Posted in Uncategorized by bigsleytheoaf on December 21, 2010

Reference, reference, reference, social nausea feels like pure reference, nothing but reference, reference to this, to that, to that meaningless bit of fluff on the shirt sleeve, to the television show, really, the television show, that you were watching last night, with your family, with your wife, and your children; conversation drifts here and there but doesn’t catch, it’s like a wet handshake, it’s like wet socks and nowhere to take them off, it’s like a limp wrist. There are escapes, but the escapes are all oblivion, or extraordinary, and it’s difficult to live extraordinarily for too long; the universe is a miser, really, have you noticed that it doesn’t let a single thing go, a single fact slip, a single certainty become even fuzzy, every debt must be paid in full and then some.

Reference, reference, reference, we’re spinning you and I, caught uncomfortably against each other, smooshed like children at the bottom of the ball pit, against each other, but indifferent to each other, wondering when the obligatory talky time period has ended, wondering whether there’s a hot girl at this party, wondering where the oblivion is hiding at.

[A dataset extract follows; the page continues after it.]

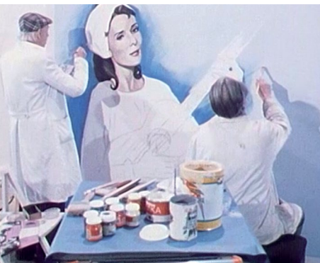
Screenshot aus dem Film Wie in alten Zeiten 1982

Dienstag, 4.2.2025_18 Uhr Welterbe Zollverein, Halle 6

Reference your friends, your hair, your achievements, reference references, loads of them, complex encodings of references, reference reference encoding schemes, reference that, and this, and this post. Reference something because you’re nothing, and we can’t both be nothing.

It’s uncomfortable to be the only live one in the room, but it’s more uncomfortable to be the only live one in the world, the only fish flopping, caught in a glint of reflected refracted infinitely complicatedly spawned mountain light, thrown on the shore and whipping to survive just a little longer, not knowing you’re dying, eyes staring blank into an alien sky.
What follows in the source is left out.